Data listing -
===

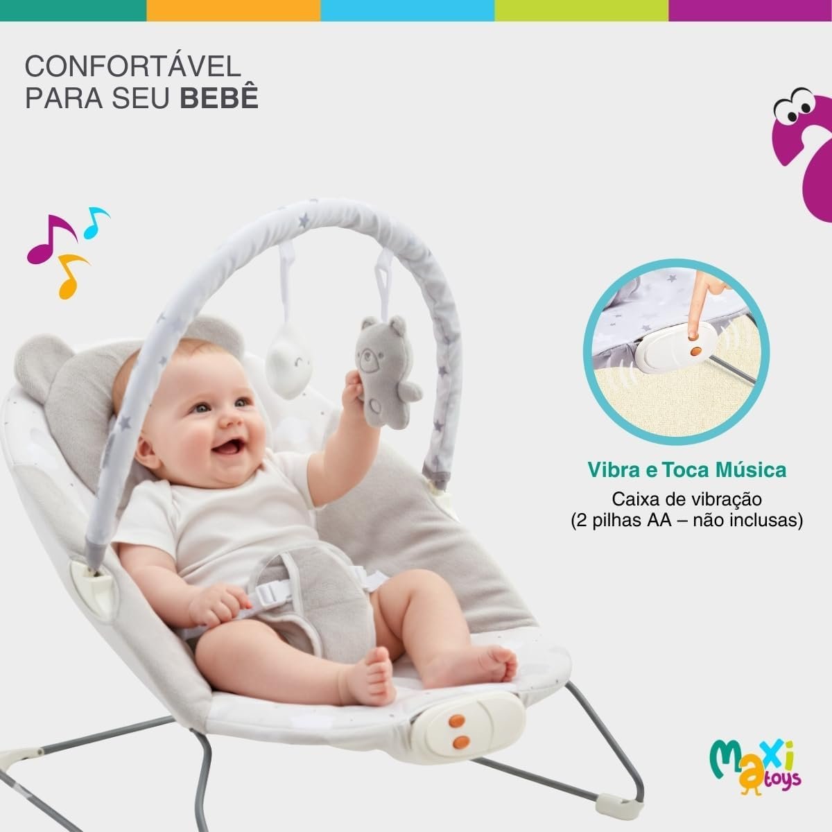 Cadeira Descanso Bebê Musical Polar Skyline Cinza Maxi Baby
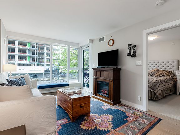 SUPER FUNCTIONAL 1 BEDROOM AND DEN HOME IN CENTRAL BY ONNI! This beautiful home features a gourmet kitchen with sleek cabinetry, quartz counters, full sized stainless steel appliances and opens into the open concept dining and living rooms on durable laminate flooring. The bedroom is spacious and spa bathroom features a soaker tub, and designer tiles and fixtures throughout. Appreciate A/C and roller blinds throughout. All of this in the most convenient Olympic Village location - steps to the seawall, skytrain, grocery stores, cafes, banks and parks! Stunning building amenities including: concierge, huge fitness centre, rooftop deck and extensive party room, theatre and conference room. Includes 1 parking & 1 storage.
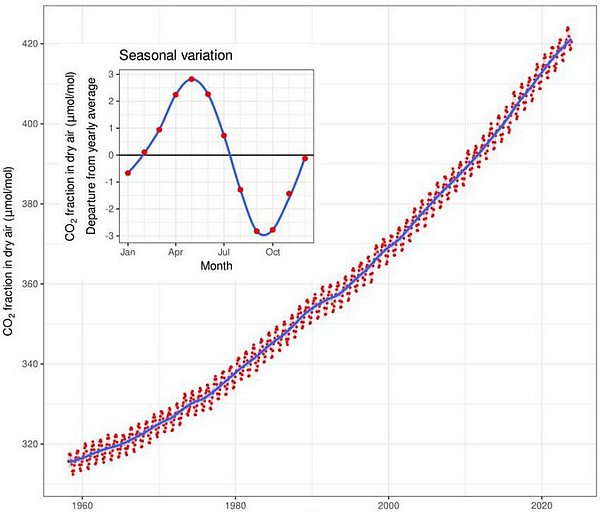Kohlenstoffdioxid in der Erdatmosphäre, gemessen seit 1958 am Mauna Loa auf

===

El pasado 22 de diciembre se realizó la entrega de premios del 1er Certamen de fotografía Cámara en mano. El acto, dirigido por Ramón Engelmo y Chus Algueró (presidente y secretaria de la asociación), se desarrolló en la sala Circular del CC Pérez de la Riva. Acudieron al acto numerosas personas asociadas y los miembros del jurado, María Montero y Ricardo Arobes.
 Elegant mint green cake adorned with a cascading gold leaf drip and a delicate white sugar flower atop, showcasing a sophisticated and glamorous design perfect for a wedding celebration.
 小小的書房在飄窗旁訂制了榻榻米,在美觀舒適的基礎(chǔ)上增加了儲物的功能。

===

What to work on - When the line with "El pasado 22" is reached in the data above, start copying there, and copy each line exactly until the line with "小小的書房在飄窗旁訂制了榻榻米,在美觀舒適的基礎(chǔ)上增加了儲物的功能。" has been copied; copy nothing else.

Answer to the exercise -
El pasado 22 de diciembre se realizó la entrega de premios del 1er Certamen de fotografía Cámara en mano. El acto, dirigido por Ramón Engelmo y Chus Algueró (presidente y secretaria de la asociación), se desarrolló en la sala Circular del CC Pérez de la Riva. Acudieron al acto numerosas personas asociadas y los miembros del jurado, María Montero y Ricardo Arobes.
 Elegant mint green cake adorned with a cascading gold leaf drip and a delicate white sugar flower atop, showcasing a sophisticated and glamorous design perfect for a wedding celebration.
 小小的書房在飄窗旁訂制了榻榻米,在美觀舒適的基礎(chǔ)上增加了儲物的功能。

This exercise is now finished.